-- Source data follows --
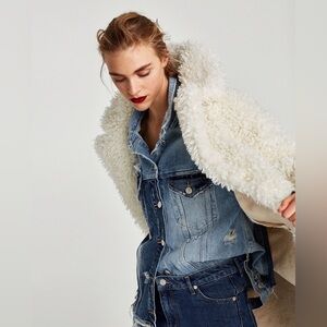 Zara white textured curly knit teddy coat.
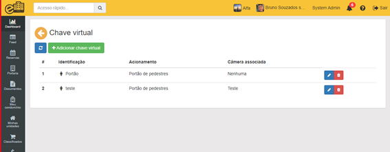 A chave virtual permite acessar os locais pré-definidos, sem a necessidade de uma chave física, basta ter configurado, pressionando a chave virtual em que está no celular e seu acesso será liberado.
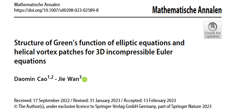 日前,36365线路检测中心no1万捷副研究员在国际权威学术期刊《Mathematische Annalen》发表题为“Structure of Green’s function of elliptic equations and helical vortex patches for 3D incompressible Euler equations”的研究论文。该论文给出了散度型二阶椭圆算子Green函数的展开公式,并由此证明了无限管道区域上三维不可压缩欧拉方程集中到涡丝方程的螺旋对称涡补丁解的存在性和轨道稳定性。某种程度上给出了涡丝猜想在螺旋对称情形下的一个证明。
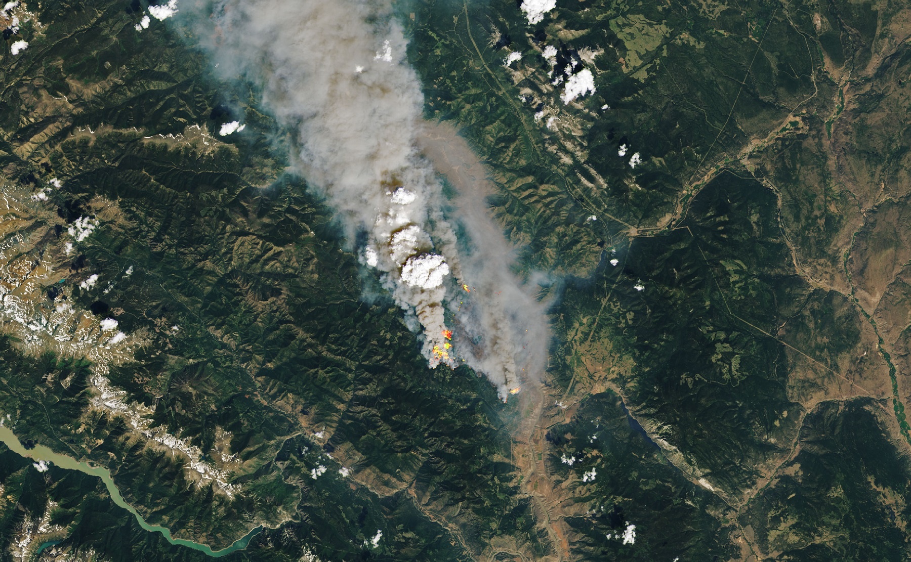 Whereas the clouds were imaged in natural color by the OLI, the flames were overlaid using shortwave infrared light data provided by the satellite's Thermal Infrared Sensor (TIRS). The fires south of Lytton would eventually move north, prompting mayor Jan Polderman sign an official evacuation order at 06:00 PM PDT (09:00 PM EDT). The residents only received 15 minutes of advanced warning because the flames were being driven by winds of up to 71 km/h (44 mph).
-- Source data concluded --
-- Source data follows --
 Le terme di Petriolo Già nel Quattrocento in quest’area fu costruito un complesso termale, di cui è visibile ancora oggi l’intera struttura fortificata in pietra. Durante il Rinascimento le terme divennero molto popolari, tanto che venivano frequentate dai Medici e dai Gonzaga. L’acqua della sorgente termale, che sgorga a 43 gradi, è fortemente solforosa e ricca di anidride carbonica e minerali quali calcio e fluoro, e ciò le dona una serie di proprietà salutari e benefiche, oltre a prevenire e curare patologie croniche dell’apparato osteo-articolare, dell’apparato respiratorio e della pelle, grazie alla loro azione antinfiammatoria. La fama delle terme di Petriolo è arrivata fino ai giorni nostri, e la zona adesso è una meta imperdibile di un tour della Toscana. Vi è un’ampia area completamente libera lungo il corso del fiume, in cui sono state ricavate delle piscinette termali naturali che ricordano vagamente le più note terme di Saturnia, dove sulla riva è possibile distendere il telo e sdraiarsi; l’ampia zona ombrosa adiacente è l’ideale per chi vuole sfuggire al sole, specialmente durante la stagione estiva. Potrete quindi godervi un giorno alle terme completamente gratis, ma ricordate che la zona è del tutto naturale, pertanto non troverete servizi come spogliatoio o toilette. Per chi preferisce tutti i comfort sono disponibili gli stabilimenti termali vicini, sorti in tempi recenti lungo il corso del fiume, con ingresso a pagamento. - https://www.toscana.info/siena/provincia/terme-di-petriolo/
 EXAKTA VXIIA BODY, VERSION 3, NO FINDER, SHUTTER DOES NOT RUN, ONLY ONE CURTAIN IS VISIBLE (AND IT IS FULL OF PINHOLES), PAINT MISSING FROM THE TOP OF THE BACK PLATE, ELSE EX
-- Source data concluded --
### What needs to be done
A clean copy is needed of the lines above from the one with "Zara white textured curly knit teddy coat." up to and including the one with "Whereas the clouds". Please set it down exactly, with no pictures.

### Written reply
 Zara white textured curly knit teddy coat.
 A chave virtual permite acessar os locais pré-definidos, sem a necessidade de uma chave física, basta ter configurado, pressionando a chave virtual em que está no celular e seu acesso será liberado.
 日前,36365线路检测中心no1万捷副研究员在国际权威学术期刊《Mathematische Annalen》发表题为“Structure of Green’s function of elliptic equations and helical vortex patches for 3D incompressible Euler equations”的研究论文。该论文给出了散度型二阶椭圆算子Green函数的展开公式,并由此证明了无限管道区域上三维不可压缩欧拉方程集中到涡丝方程的螺旋对称涡补丁解的存在性和轨道稳定性。某种程度上给出了涡丝猜想在螺旋对称情形下的一个证明。
 Whereas the clouds were imaged in natural color by the OLI, the flames were overlaid using shortwave infrared light data provided by the satellite's Thermal Infrared Sensor (TIRS). The fires south of Lytton would eventually move north, prompting mayor Jan Polderman sign an official evacuation order at 06:00 PM PDT (09:00 PM EDT). The residents only received 15 minutes of advanced warning because the flames were being driven by winds of up to 71 km/h (44 mph).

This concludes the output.